■ Work request ■
Omit every picture. Return all other data as it stands.

■ Dataset excerpt ■
+===+

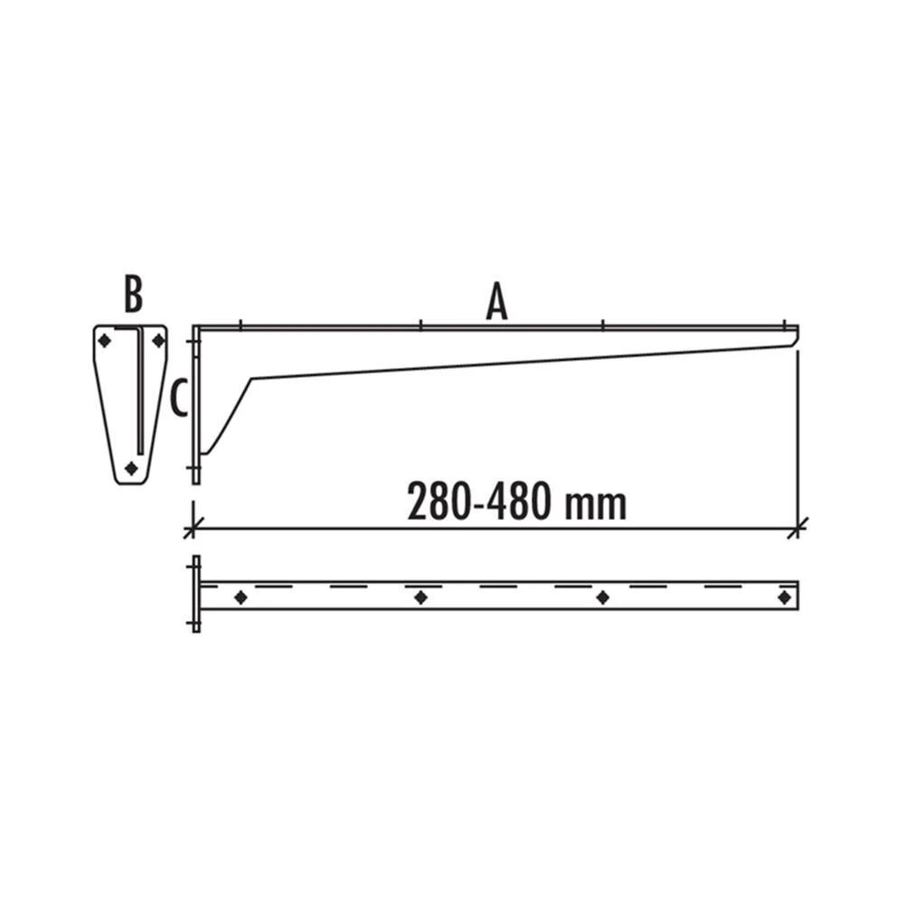 - Ausladung (Länge) A 280 mm / Flanschbreite oben B 53 mm / Höhe C 100 mm
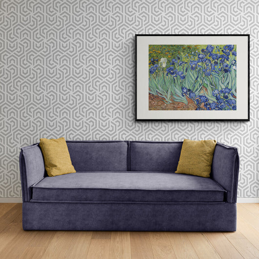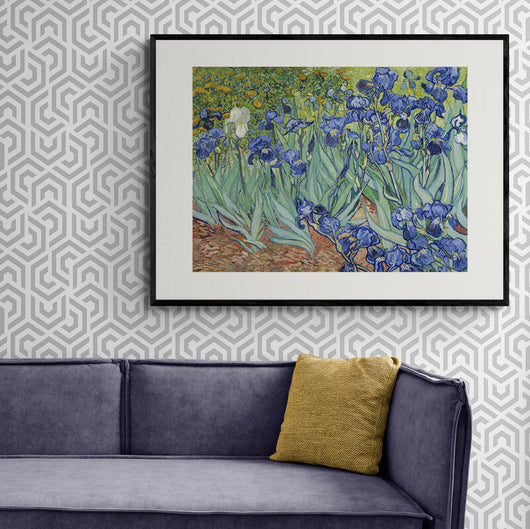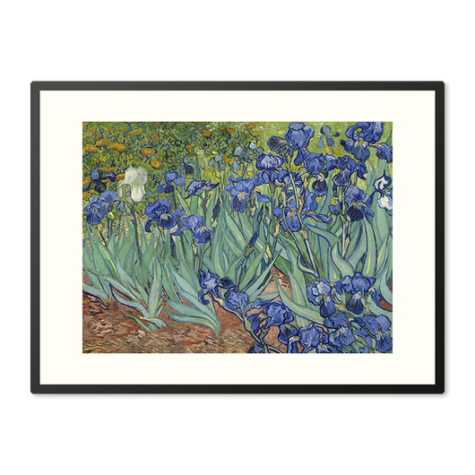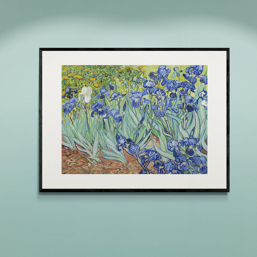 Ervaar de kracht van Van Gogh's kleurenonderzoek met Irissen, een zorgvuldige ingelijste poster die zijn streven naar een schitterend kleurcontrast weergeeft. De transformatie van de irissen van paars naar blauw, veroorzaakt door het vervagen van het rode pigment, vormt een visueel contrast tegen de heldergele achtergrond.
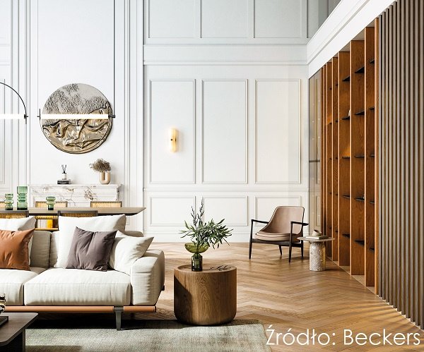 Wyeksponowanie przestrzeni ułatwiają wnętrza, które charakteryzuje nie tylko rozległość, ale i imponująca wysokość. Poczucie to dodatkowo potęgują ściany w bieli Beckers Designer White, a ozdobne listwy sztukateryjne pociągnięte aż pod sufit wzmacniają wrażenie strzelistości. Klasyczna jodła na podłodze, drewno w formie ściennych lameli i w nowoczesnych bryłach mebli sprawiają, że wnętrze wytraca monumentalność i zyskuje wizualne ciepło. Eleganckie detale ze szkła i metalu oraz meble wypoczynkowe o przytulnych tkaninach eksponują komfort i funkcjonalność salonu.

+===+

■ Solution ■
 - Ausladung (Länge) A 280 mm / Flanschbreite oben B 53 mm / Höhe C 100 mm
 Ervaar de kracht van Van Gogh's kleurenonderzoek met Irissen, een zorgvuldige ingelijste poster die zijn streven naar een schitterend kleurcontrast weergeeft. De transformatie van de irissen van paars naar blauw, veroorzaakt door het vervagen van het rode pigment, vormt een visueel contrast tegen de heldergele achtergrond.
 Wyeksponowanie przestrzeni ułatwiają wnętrza, które charakteryzuje nie tylko rozległość, ale i imponująca wysokość. Poczucie to dodatkowo potęgują ściany w bieli Beckers Designer White, a ozdobne listwy sztukateryjne pociągnięte aż pod sufit wzmacniają wrażenie strzelistości. Klasyczna jodła na podłodze, drewno w formie ściennych lameli i w nowoczesnych bryłach mebli sprawiają, że wnętrze wytraca monumentalność i zyskuje wizualne ciepło. Eleganckie detale ze szkła i metalu oraz meble wypoczynkowe o przytulnych tkaninach eksponują komfort i funkcjonalność salonu.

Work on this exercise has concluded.